É também conhecido por ter participado da luta armada contra o Regime militar no Brasil (1964–1985), como militante do Movimento Revolucionário Oito de Outubro, que tentava instaurar o socialismo no Brasil. Na época, trabalhava como repórter do Jornal do Brasil, no Rio de Janeiro.
Participou do sequestro do embaixador norte-americano Charles Elbrick às vésperas do 7 de setembro de 1969. O episódio é narrado em seu livro O que é isso, companheiro?, de 1979. O sequestro ocorreu como forma de pressionar o regime militar a libertar quinze presos políticos, ligados a organizações clandestinas da esquerda política. De fato, tais presos foram libertos e banidos do país, mas os envolvidos no sequestro foram presos algum tempo depois. O próprio Gabeira foi preso em 1970 na cidade de São Paulo. Resistiu à prisão e tentou fugir em direção a um matagal que existia por perto. Vários tiros foram disparados e um deles atingiu suas costas, perfurando rim, estômago e fígado.
Preso, foi liberto em junho do mesmo ano, tendo sido trocado com outros 39 presos pelo embaixador alemão Ehrenfried von Holleben, que também havia sido sequestrado. O grupo foi banido do país e embarcado para a Argélia.
Fernando Gabeira esteve exilado entre 1970 e 1979. Em dez anos, esteve em vários países, entre eles Chile, Suécia e Itália. Na Suécia, onde viveu a maior parte de seu exílio, estudou Antropologia na Universidade de Estocolmo e exerceu da profissão de reporter até a função de condutor de metrô, em Estocolmo. Voltou ao Brasil, em 1979, com a Lei da Anistia. Passou, então, a atuar como jornalista e escritor, defendendo o fim do regime militar.
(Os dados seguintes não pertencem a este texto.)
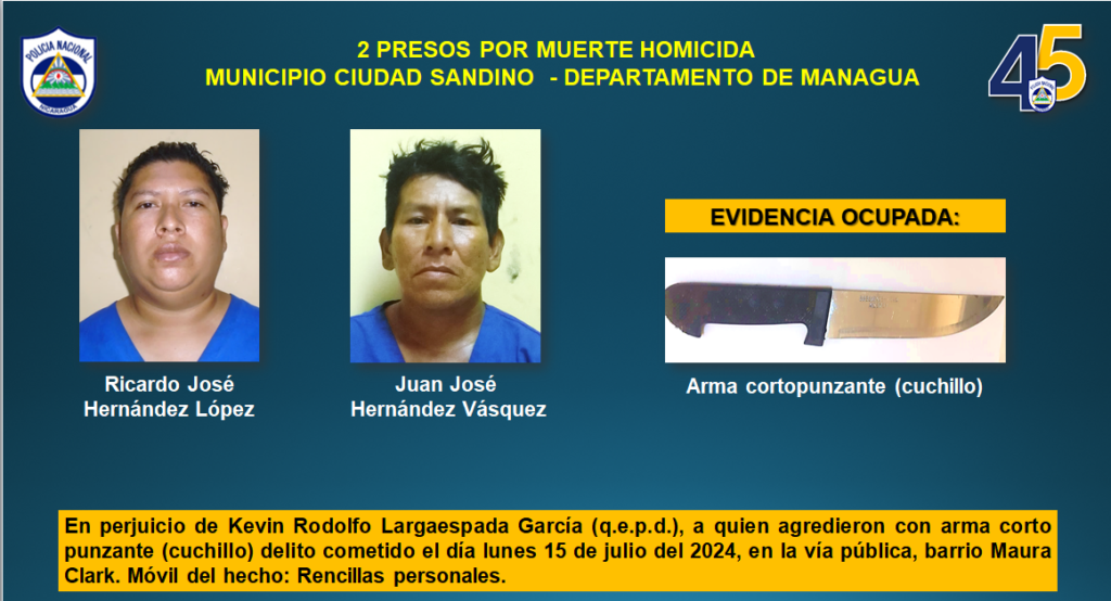 Entre los homicidas tres corresponden al Distrito III de Managua, dos al municipio de Ciudad Sandino y uno al municipio de Maniguas, en Matagalpa.

Após 1985, apoiou a causa dos direitos das minorias e do meio ambiente.
Gabeira é primo da jornalista Leda Nagle. Durante o exílio, casou-se com sua companheira de militância política, Vera Sílvia Magalhães. Já de volta ao Brasil, foi casado por dezesseis anos com a estilista Yamê Reis, com quem teve duas filhas — a psicóloga Tami e a surfista Maya Gabeira. O casal se divorciou em 1999. Atualmente, é casado com a atriz e empresária Neila Tavares.
[editar] Carreira política
Após voltar ao Brasil, em 1986 Fernando Gabeira foi candidato ao Governo do Estado do Rio de Janeiro pelo PT, sendo derrotado por Moreira Franco; em 1989 concorreu à Presidência da República, dessa vez pelo PV, obtendo 0,18% dos votos.
Em 1994, Fernando Gabeira é eleito deputado federal, pelo Partido Verde do Rio de Janeiro, sendo reeleito em 1998. Em 2002, trocou o Partido Verde pelo PT novamente, sendo novamente eleito. Após considerar um absurdo ter tido que esperar durante uma hora para ser atendido pelo então Ministro-Chefe da Casa Civil José Dirceu,[2] decidiu abandonar mais uma vez o partido, ficando algum tempo sem legenda.
Em 2005, na Câmara dos Deputados, Gabeira chamou o então Presidente da Casa, Severino Cavalcanti de "vergonha para o país", e ameaçou começar um movimento para derrubá-lo se ele continuasse a apoiar em nome do Congresso empresas que utilizam trabalho escravo.[3] Também participou da CPI das Sanguessugas, em 2006, como um dos sub-relatores.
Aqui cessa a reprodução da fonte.